– Questão central é de que aqui no Brasil temos um problema adicional à crise do coronavírus, que é o Bolsonaro, um presidente que deveria governar e não governa –
*Por Douglas Izzo
Na semana em que é celebrado o Dia do Trabalhador e da Trabalhadora, neste ano em meio à pandemia mundial do novo coronavírus (Covid-19), nos deparamos com uma triste notícia de que o Brasil, infelizmente, ultrapassou a China em número de mortes pela doença, somando mais de 5 mil óbitos até 28 de abril – 42 dias após a primeira morte confirmada pela Covid-19. No país asiático os casos fatais totalizavam, nesta data, 4,6 mil óbitos, mas lá a primeira morte foi registrada há mais de 100 dias. Em todo o mundo já são mais de 200 mil mortes.

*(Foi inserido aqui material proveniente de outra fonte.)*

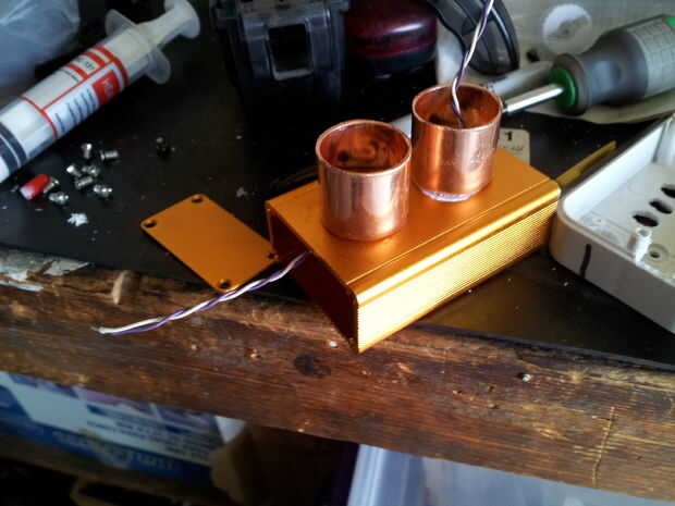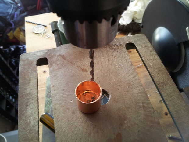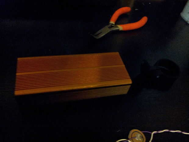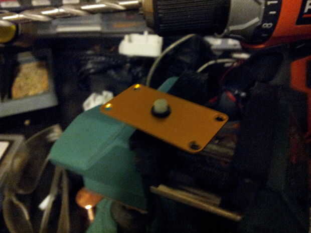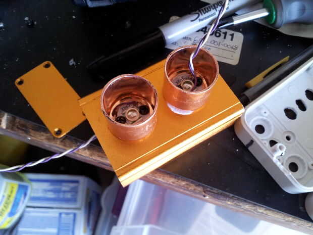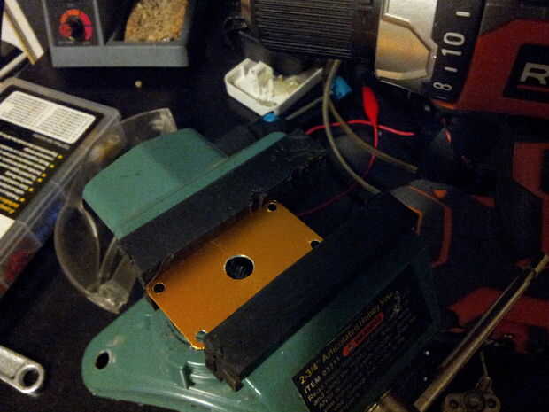Necesitará taladrar dos orificios en la parte posterior para el montaje de la abrazadera (robó de un cutre dólar 5 luz). Para cada enchufe de cobre con un led en su interior también necesita perforar 2 agujeros para los leds para atornillarse en la carcasa de aluminio. Necesita también dos pequeños agujeros para los cables. Necesitará taladrar un agujero en la placa superior para su conmutador y dos agujeros en la placa inferior de los cables de carga.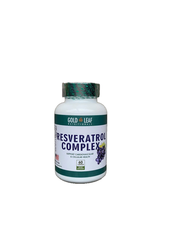 Resveratrol Complex de Gold Leaf Nutritionals (frasco x60 cápsulas). Un polifenol potente para quienes buscan proteger su corazón y sus células de forma natural.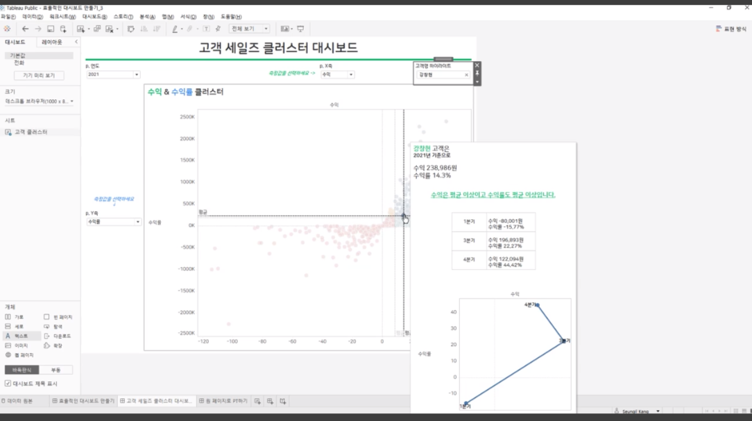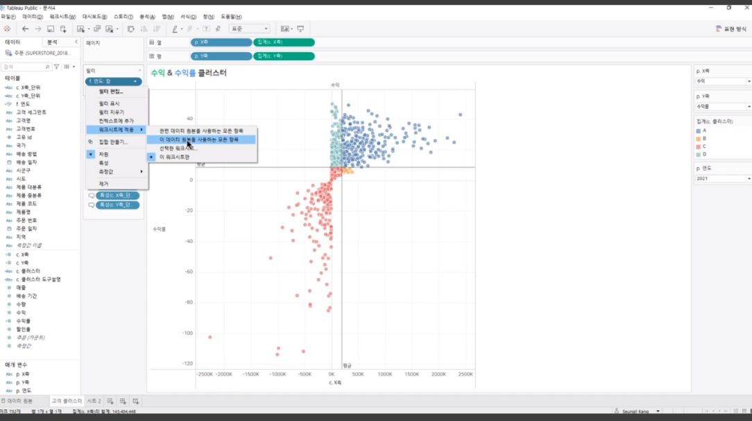 고객 클러스터에 적용된 연도 필터를 도구 설명에 링크된 고객별 분기별 KPI와 연동이 되어야 하므로 '이 데이터원본을 사용하는 모든 항목'을 선택한다. 그러면 고객별 분기별 KPI에도 연도 필터가 적용된다.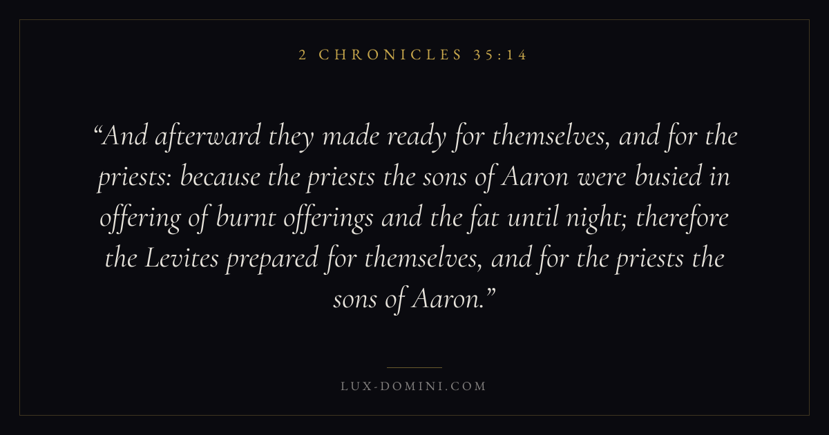 And afterward they made ready for themselves, and for the priests: because the priests the sons of Aaron were busied in offering of burnt offerings and the fat until night; therefore the Levites prepared for themselves, and for the priests the sons of Aaron.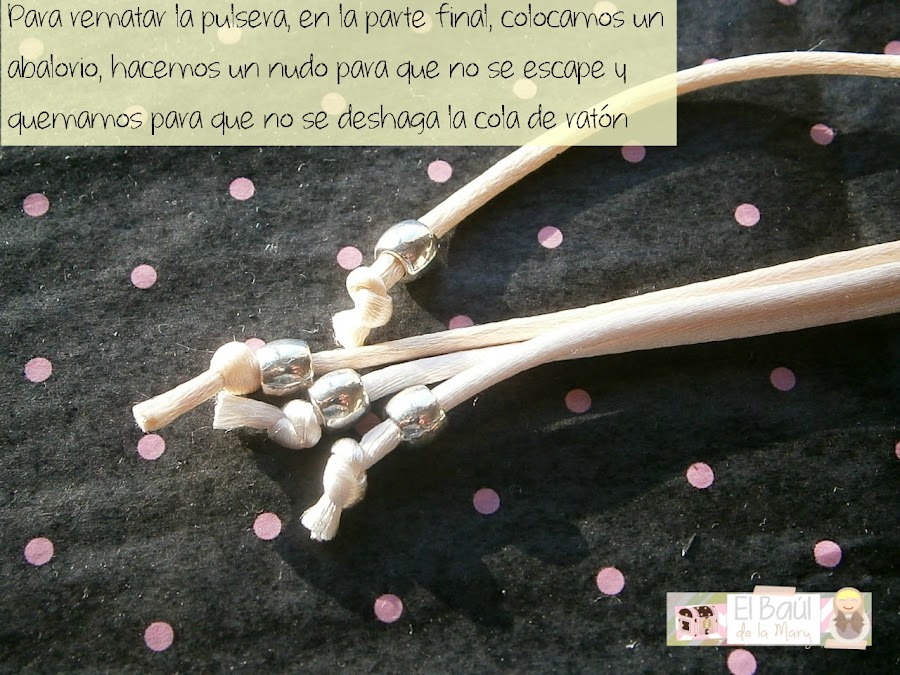 Para finalizar, en el extremo de la pulsera que quedan los cabos de la cola de ratón que nos sirven para cerrar nuestra pulsera, colocamos unos abalorios bonitos (al gusto), anudamos y quemamos con el mechero para que no se deshaga el cordón.

A questão central é de que aqui no Brasil temos um problema adicional à crise do coronavírus, que é o Bolsonaro, um presidente que deveria governar e não governa. Ao invés de cuidar da população, é incapaz de compreender as atribuições do cargo que ocupa, se mostrando mais preocupado em fazer disputas políticas e em combater as medidas de isolamento social adotas pelos governos estaduais e prefeituras.
Além disso, tem tomado ações que aprofundam os ataques aos direitos da classe trabalhadora em detrimentos à preservação do lucro dos patrões. Mas, aqui a economia já estava em crise, antes da pandemia, com baixo índice de crescimento e desemprego galopante.
Encerramos 2019 com mais de 12 milhões de desempregados (11,9%), mais de 38 milhões (41,4% da força de trabalho no país) de trabalhadores informais ou por conta própria – sem registro em carteira eu uma inflação de 4,31% (IPCA), segundo dados do IBGE (Instituto Brasileiro de Geografia e Estatística). O Produto Interno Bruto (PIB), incialmente previsto pelo governo em 2,5%, sofreu várias revisões ao logo do ano passado e fechou em 1,1%.
Com a pandemia do coronavírus, a crise econômica foi agravada e o governo se aproveita de forma sorrateira da maior crise sanitária deste século para atacar os direitos conquistados pelos trabalhadores, promovendo a precarização das relações de trabalho.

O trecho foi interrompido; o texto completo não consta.